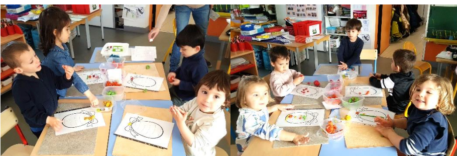
Autour de Pâques : Pâte à modeler
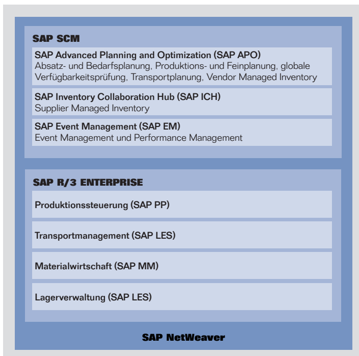
Abb.1: mySAP Supply Chain Management
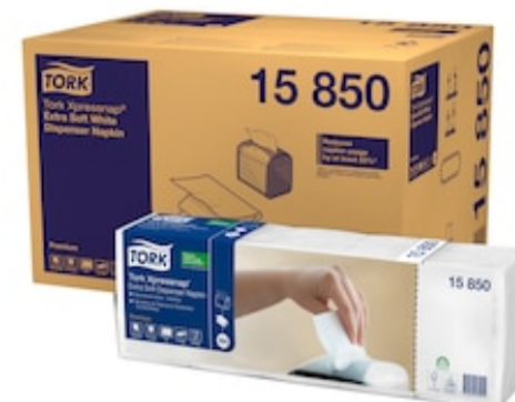
Tork PremNapk Inter 2p21,6x16,5 200 /5/8 15850
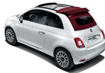
CAPOTE ROUGE MÉTÉORITE
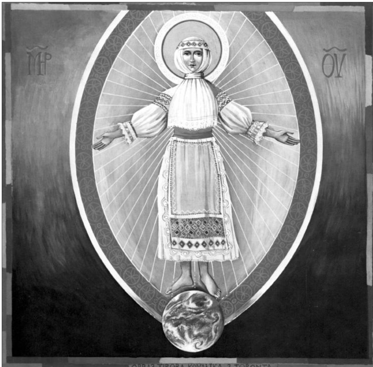
Ilustrácia: Tibor Kovalik

Vydáva Factum bonum, s. r. o. • Šéfredaktor Teodor Križka • Redakcia: Sološnická 41, 841 05 Bratislava, Tel./fax: 654 12 388 • e-mail: redakcia@kultura-fb.sk • Cena 20 Sk
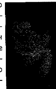
Симона де Бовуар

В середине XX в. во Франции по многим причинам было особенно маловероятно возникновение феминистской теории. Женщины здесь не торопились завоевывать юридические и политические права, как в Америке и большинстве стран Европы. В политической культуре доминировали сильные патриархатные установки и представители всего политического спектра от католиков и антиреспубликанцев справа до социалистов слева соглашались с тем, что место женщины — дом. Не было там и сильной традиции «ведущего направления феминизма», который к 1945 г. представлял собой «монополию горстки женщин из высшего класса» (McMillan, 1981,
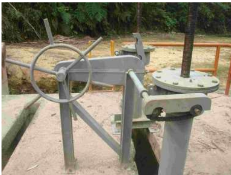
FOTOGRAFÍA 3. Mecanismo de izaje y tornillo con mando manual

- [HOW TO COMPLETE THIS TASK]: Each line above starting at the one holding "Ilustrácia: Tibor Kovalik" and ending at the one holding "Симона де Бовуар" should be set down exactly as it stands, both ends included, with no pictures.

- [ANSWER BOX]:
Ilustrácia: Tibor Kovalik

Vydáva Factum bonum, s. r. o. • Šéfredaktor Teodor Križka • Redakcia: Sološnická 41, 841 05 Bratislava, Tel./fax: 654 12 388 • e-mail: redakcia@kultura-fb.sk • Cena 20 Sk
Симона де Бовуар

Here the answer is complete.